Sally Nugent: I love the next story that you've chosen here from The Independent on Sunday. We're heading to America for this one, aren't we...?
Rob Ford: Yes.
Sally Nugent: ...and the presidential race, which (laughing) just seems to just keep taking more and more bizarre turns?
Rob Ford: Well, this is next year's other big election race and this is an absolutely fascinating story. The current front runner on the Republican side is a complete political novice - a nationally famous neurosurgeon who operates on young kids' brains and saved the lives of kids who were completely written off, but he's never been a politician before and he's now leading the race. But what comes with front-runner status? Pressure, accountability, lots of people training their guns on you...
Christian Fraser: Scrutiny.
Rob Ford: Scrutiny, precisely. And he's finding the heat in the kitchen to be quite hard work. There's people sniping at him from all sides...
Christian Fraser: But the twist on this is (laughing) he's actually trying to make his past as bad as it possibly could have been. They're saying, "You weren't that bad".
Rob Ford: Exactly. His whole story is the classic American rags-to-riches story - grew up in inner-city Detroit, made good and now he's running for the presidency - and now they're saying, "Well, actually, your childhood doesn't seem to be, you know, perhaps not quite as bad as you were making out, so..."
Sally Nugent: So he said he had a tough childhood, or he... wasn't great?
Christian Fraser: Yes, there's some fairly lurid stuff in here...in there, isn't there? But then they're now trying to find the people in his past who could actually stand up what he's been saying.
Rob Ford: Yeah, yeah. And this is kind of a repeated tale in American presidential elections as new people appear on the stage. Then obviously every journalist in the country then says, "Well, we're going to go digging here and see what we can find" and there's always then this phase when there's these string of stories: "Is it or isn't it true? What's going on?"
Christian Fraser: They did this will Mitt Romney, didn't they? He'd been bullying someone in school and they went and found the person he'd bullied.
Rob Ford (laughing): But with Mitt Romney there was also this story of how he'd had a car elevator in his house..,
Sally Nugent: Yes!
Rob Ford: ...an elevator to lift his cars up and down (Christian Fraser laughs) in his three-storey garage.
Sally Nugent: It didn't help his prospects, did it?

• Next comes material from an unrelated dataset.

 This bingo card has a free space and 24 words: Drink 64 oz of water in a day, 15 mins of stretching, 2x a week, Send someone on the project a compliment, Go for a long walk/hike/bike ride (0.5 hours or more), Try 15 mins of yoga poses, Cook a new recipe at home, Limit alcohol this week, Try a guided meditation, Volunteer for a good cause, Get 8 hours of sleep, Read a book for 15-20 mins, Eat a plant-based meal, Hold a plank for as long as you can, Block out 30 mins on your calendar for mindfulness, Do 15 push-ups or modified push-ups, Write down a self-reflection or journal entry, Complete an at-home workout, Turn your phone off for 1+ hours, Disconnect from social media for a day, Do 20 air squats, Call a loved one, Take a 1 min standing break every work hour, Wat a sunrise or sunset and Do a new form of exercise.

Two things strike me about that.
The first is that Christian Fraser immediately recalled another Republican contender, Mitt Romney, as an example of someone whose past came back to haunt him after the media went in search of dirt on him. Is that anti-Republican bias on his part or merely a reflection of the fact the the U.S. mainstream media, goes after Republicans much harder than it goes after Democrats (and that the BBC follows them)?
Whether it was against Mr Romney in 2012 or Sarah Palin (vice-presidentially hopeful) in 2008, Mr Obama never really got the same treatment from the mainstream media, did he, during either election? (He certainly didn't from our very own BBC).

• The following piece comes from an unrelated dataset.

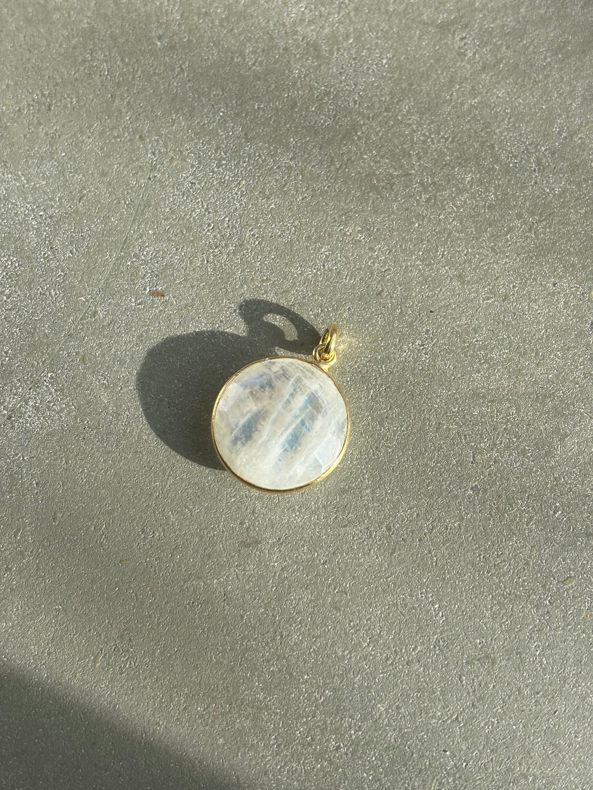 Regenbogenmondstein (weißer Labradorit) Anhänger Gold

Whether it was against Mr Romney in 2012 or Sarah Palin (vice-presidentially hopeful) in 2008, Mr Obama never really got the same treatment from the mainstream media, did he, during either election? (He certainly didn't from our very own BBC).
The second thing is that the case around whether Ben Carson lied or whether it's part of the media that are lying about him is a very hotly-contested issue in the U.S. From what I've read even some left-liberal newspapers have seen critical of some of the reporting of Mr Carson by other parts of the media. Just because it says it in our own Independent on Sunday doesn't make it necessarily true either.
Meanwhile, two weeks ago. Democrat nailed on presidential candidate Hillary Clinton was exposed as a liar at a Senate hearing. But won't find on the BBC website, even though the lie concerned the deaths of American citizens in Benghazi. No, what a Republican candidate said about an invitation to go to West Point nearly fifty years ago is far more important to the BBC.